» **GOAL OF THE EXERCISE**:
What you return should be the full listing, copied exactly and stripped of its pictures.

» **EXERCISE DATA**:
....

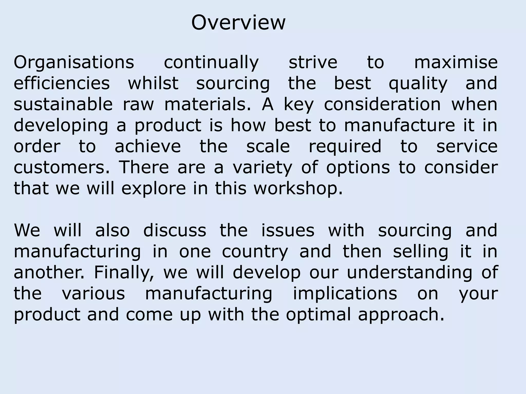 This document discusses various manufacturing considerations for organizations. It explores options for sourcing raw materials from around the world to maximize efficiencies. Manufacturing options that are evaluated include outsourcing production, insourcing production, and a hybrid model. Key factors that are examined for each option include implications, pros and cons, and examples. Additionally, considerations for whether to manufacture in the home country or host country based on stage of growth are reviewed. Tools like demand forecasting and assessing local trade barriers are also emphasized.
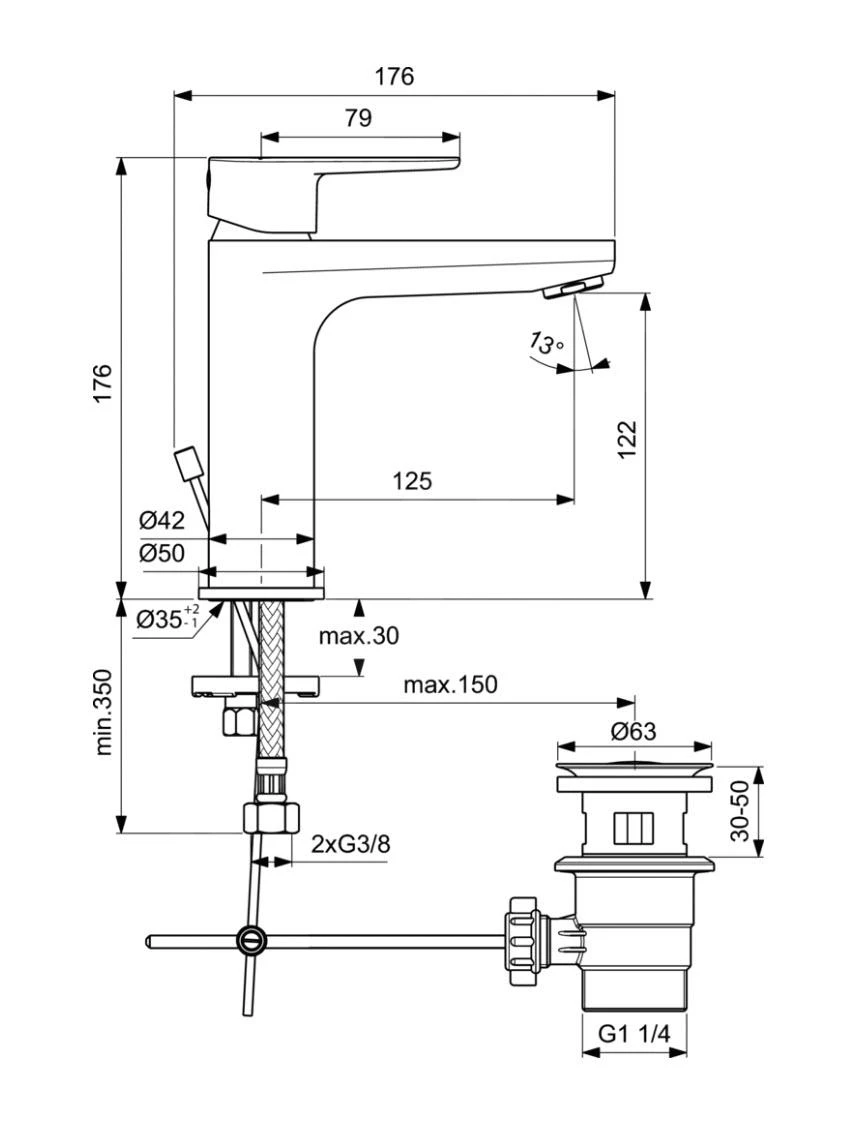 - kraan met mousseur en doorstroombegrenzer 5 l/min
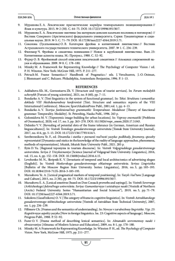 9. Мурашова Е. А. Лексические прагматические маркёры темпорального позиционирования // Язык и культура. 2015. № 2 (30). С. 64-75. https://doi.org/10.17223/19996195/30/7.
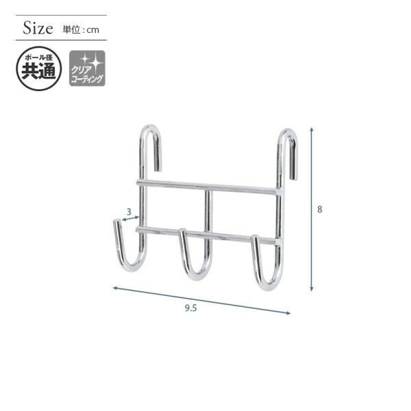 ルミナス luminous スチールラック ラック スチール製 25mm 19mm ポール共通3連フック(幅9.5×奥行3×高さ8cm) KP-3F
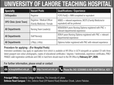 Jobs in University of Lahore Teaching Hospital Positions Vacant

....

» **RESPONSE TO THIS TASK**:
 This document discusses various manufacturing considerations for organizations. It explores options for sourcing raw materials from around the world to maximize efficiencies. Manufacturing options that are evaluated include outsourcing production, insourcing production, and a hybrid model. Key factors that are examined for each option include implications, pros and cons, and examples. Additionally, considerations for whether to manufacture in the home country or host country based on stage of growth are reviewed. Tools like demand forecasting and assessing local trade barriers are also emphasized.
 - kraan met mousseur en doorstroombegrenzer 5 l/min
 9. Мурашова Е. А. Лексические прагматические маркёры темпорального позиционирования // Язык и культура. 2015. № 2 (30). С. 64-75. https://doi.org/10.17223/19996195/30/7.
 ルミナス luminous スチールラック ラック スチール製 25mm 19mm ポール共通3連フック(幅9.5×奥行3×高さ8cm) KP-3F
 Jobs in University of Lahore Teaching Hospital Positions Vacant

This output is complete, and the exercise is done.